Ok..... tool is finished.... lets get onto the easy part.

First off remove the differencial cover on the bottom of the tranny..... allways note the position you are putting the tranny into on the floor.... use blocks of wood to ensure that parts are not bend.... take care with the input shaft as it stick out just past the edge of the casing.

This diff cover has a seal on it..... replace it if you want..... but it's easy to get at so I would probably just use some high temperature RTV silicone to seal it up when reassembling the differencial case.

Image

Next is the notched bearing retainer..... first off note the position of the retainer plate holding the notched ring in place.

Ideally take a center punch and lightly tap in a dot into the notch that is dead center in this retainer plate so that you can see it's position during reassembly.... ideally that dot will end up in the exact same place.... but it is possible to be off one way or another by a few notches depending on how the bearings seat.
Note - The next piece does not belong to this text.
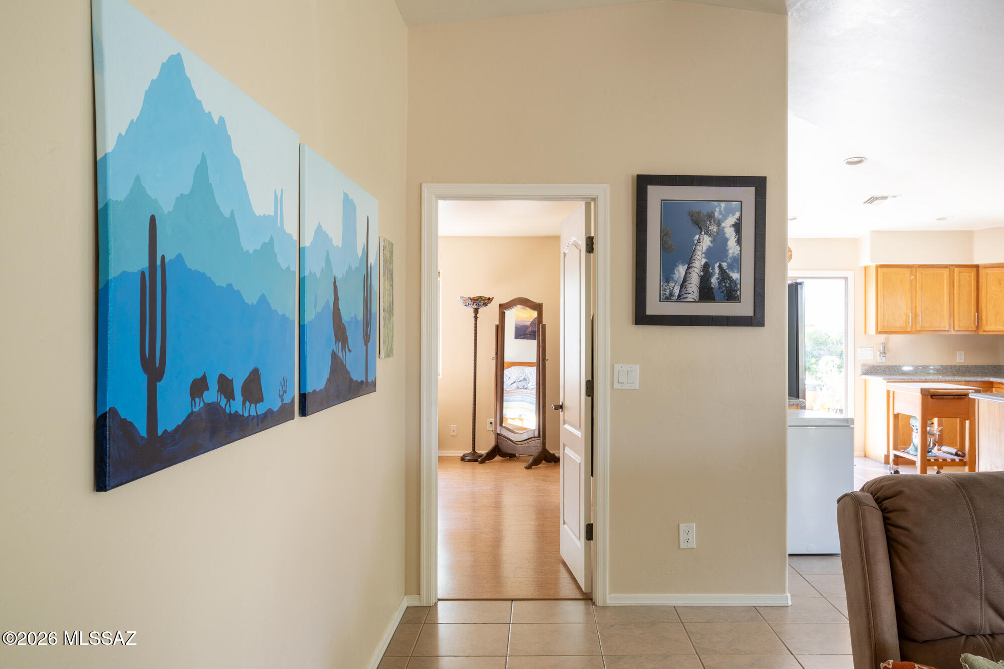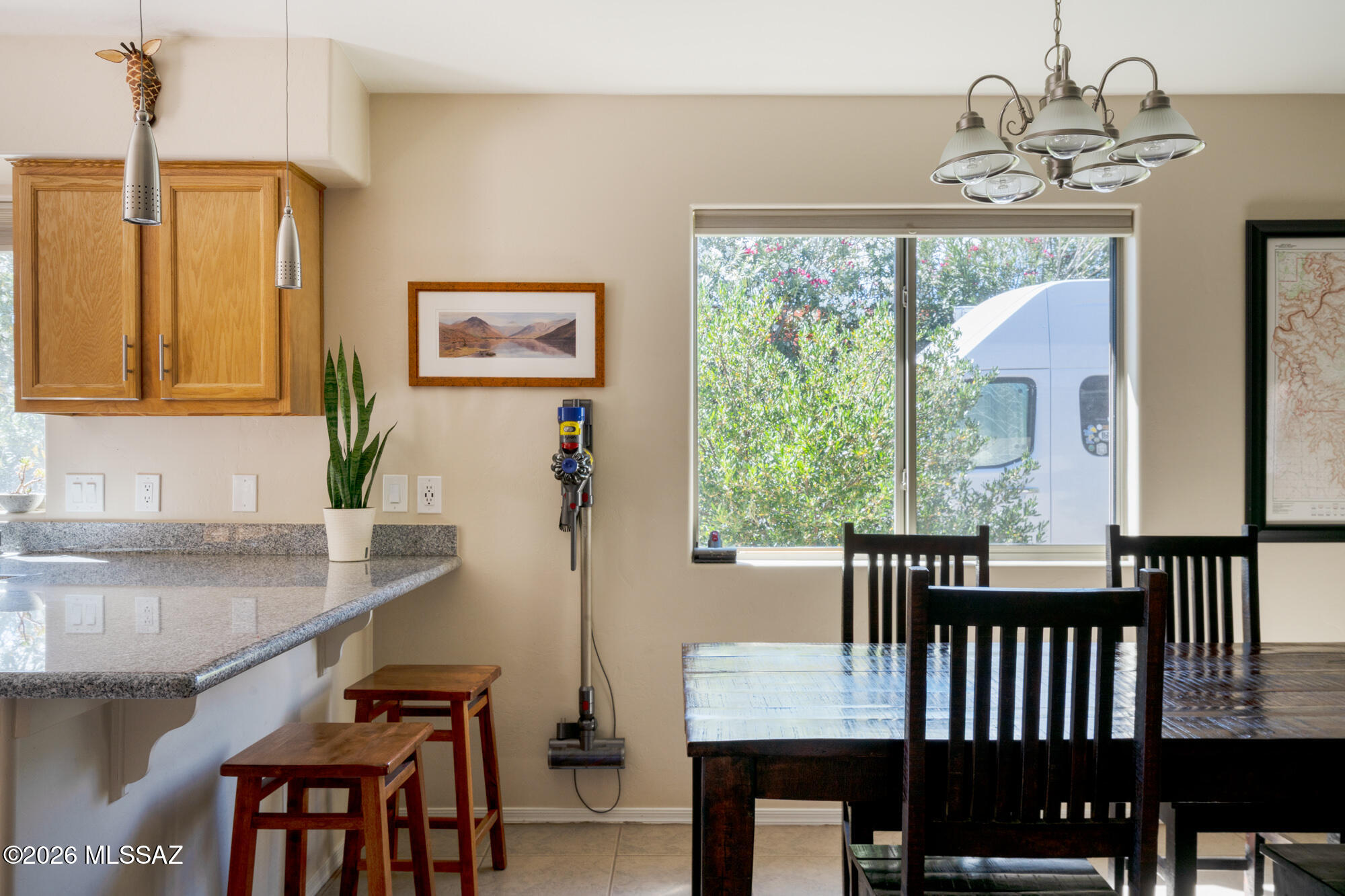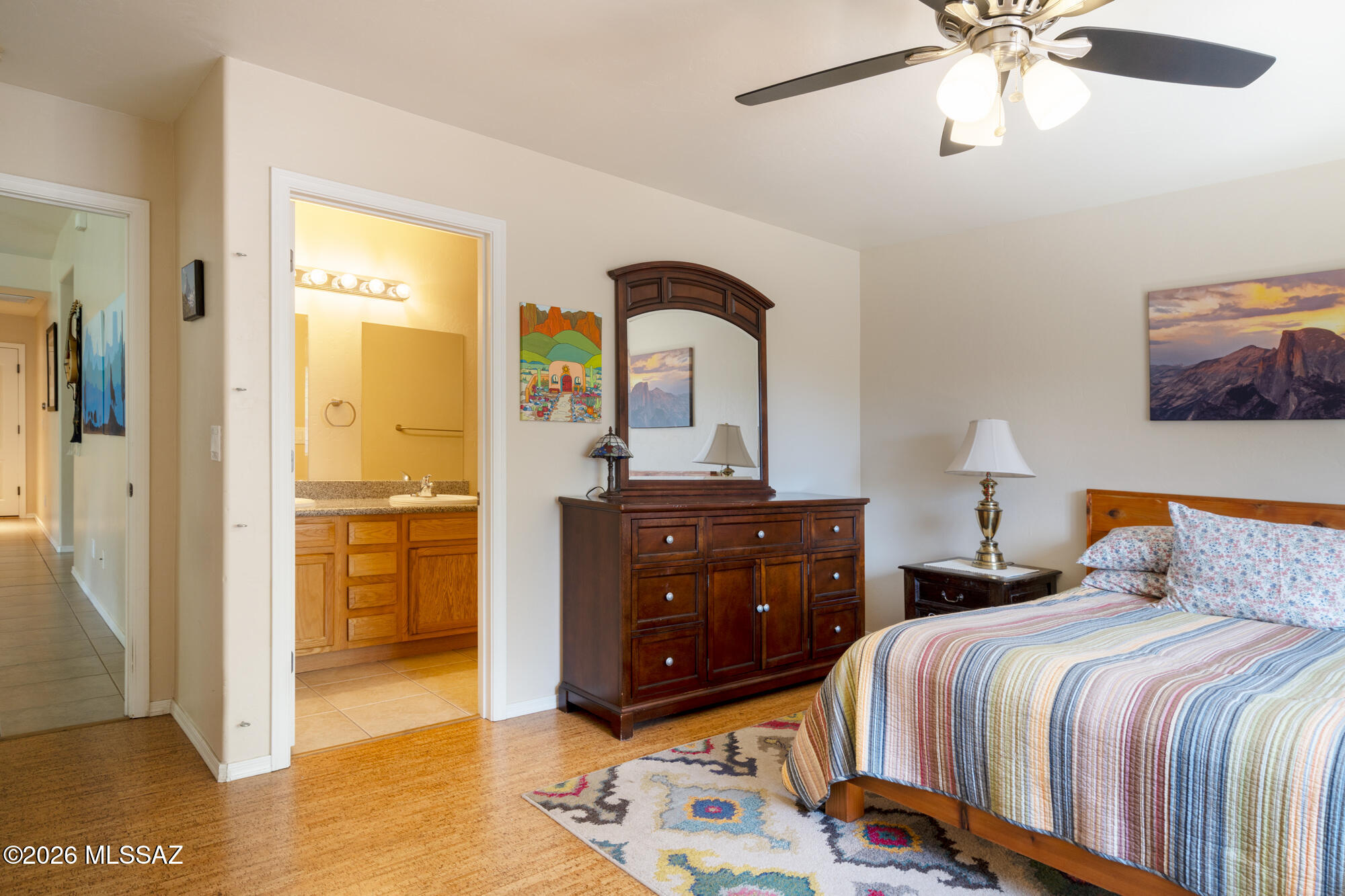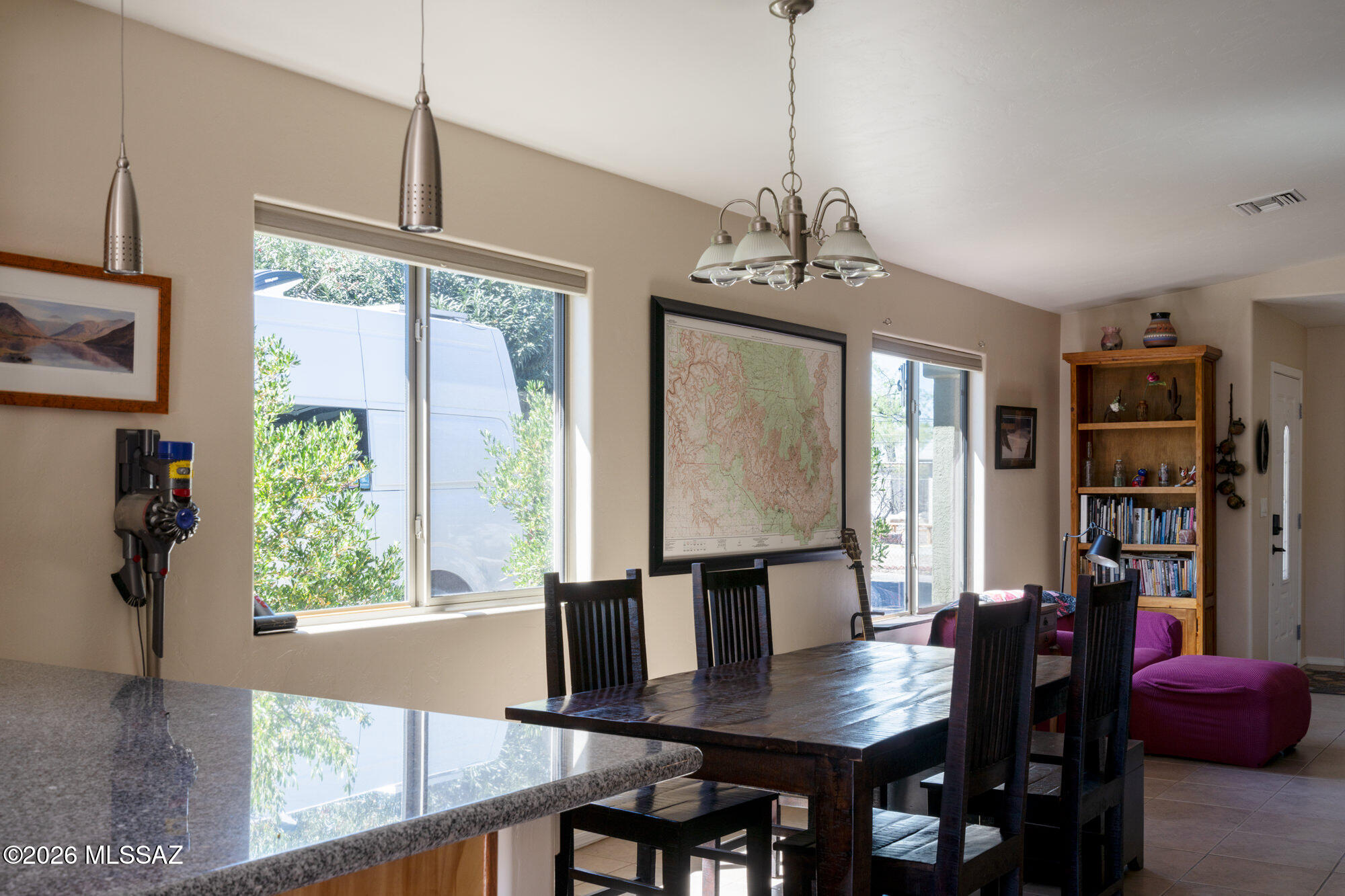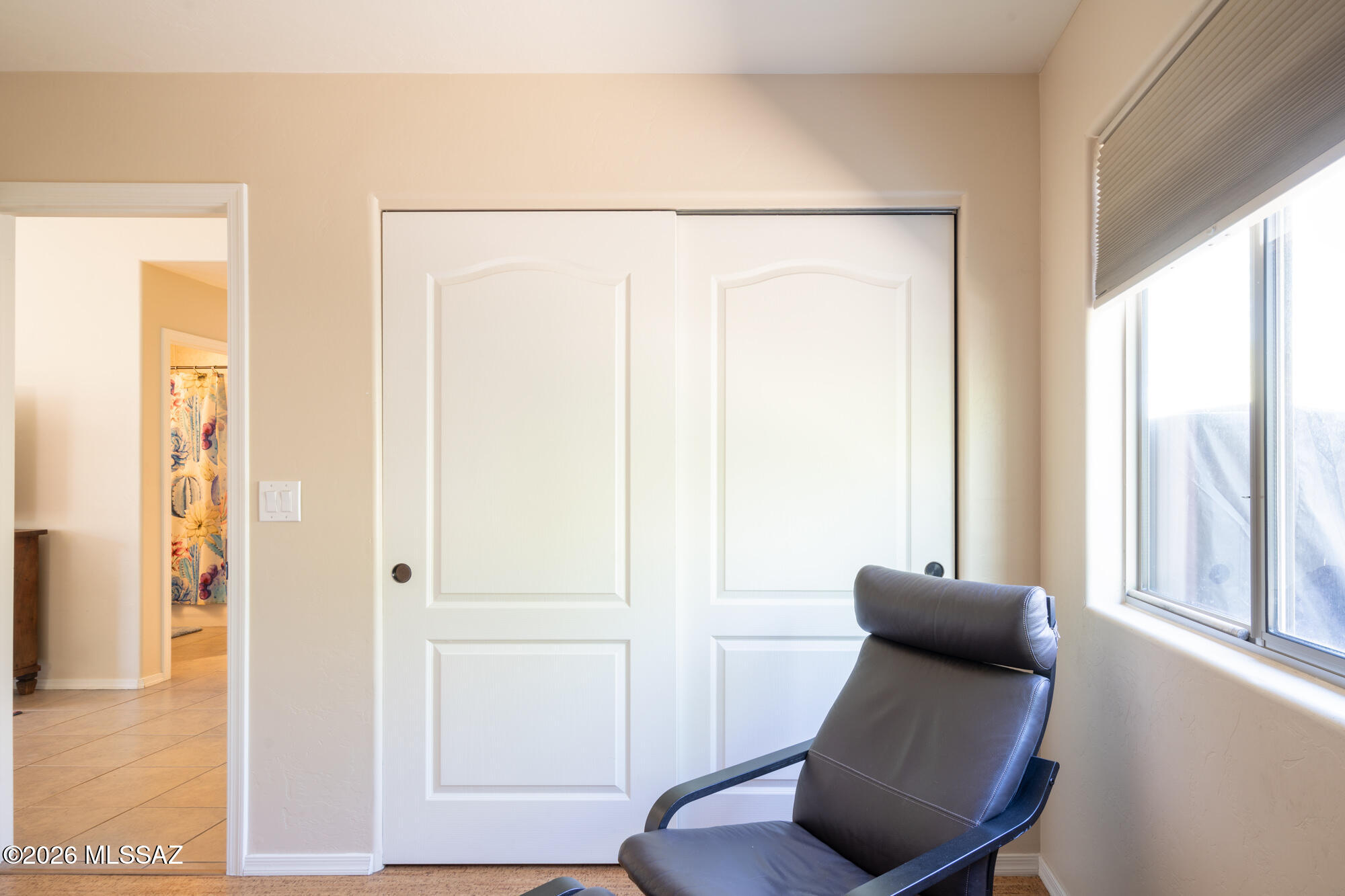 Private 3 bedroom, 2 bath home tucked away in a central Tucson location. Lofty ceilings in the great room and living room create a bright, open feel, while ceramic tile throughout and cork flooring in the bedrooms add comfort and function. The open living, dining, and kitchen layout works well for both everyday living and entertaining. The kitchen features generous cabinet storage, a pantry closet, granite countertops, and direct access to the yard. Bedrooms are nicely sized and well positioned off the main living area.

As well take a felt and mark the edges of the retainer plate on the tranny as it has a small adjustment in postition that should be watched upon reassembly

Image

Now that the retainer plate is off use the tool I made above to remove the bearing retainer ring.

It's a tough thing to remove (at least it was on mine) so I suggest the use of a nice long breaker bar and an impact wrench if you have one.

Ideally this should be done with two people..... I did it by myself with a great deal of cursing.... as it seemed to go nicely for a half turn and then get really hard to move for a 1/4" turn.... I turned the first two turns with the breaker bar (sometimes smacking the breaker bar with a rubber malet ) and then I switched to an impact wrench for the last bit.

Image

After removal I put it back in and turned it in 1/16 of a turn just so that the differencial had something to rest against when I removed the plate on the other side.

Speaking of the other side...... flip the tranny over and remove the bolts on the other retainer

Image

After the bolts are out I suggest lightly tapping on the retainer with a rubber mallet to rotate it slightly..... this will loosen it up enough that you can remove the cover with light prying using a screwdriver..... in my case it took one small pry with the screwdriver and then it came off by hand fairly easily.


Image

Finally remove both retainers and carfully slide the differencial out of the tranmsission case through the cover plate hole.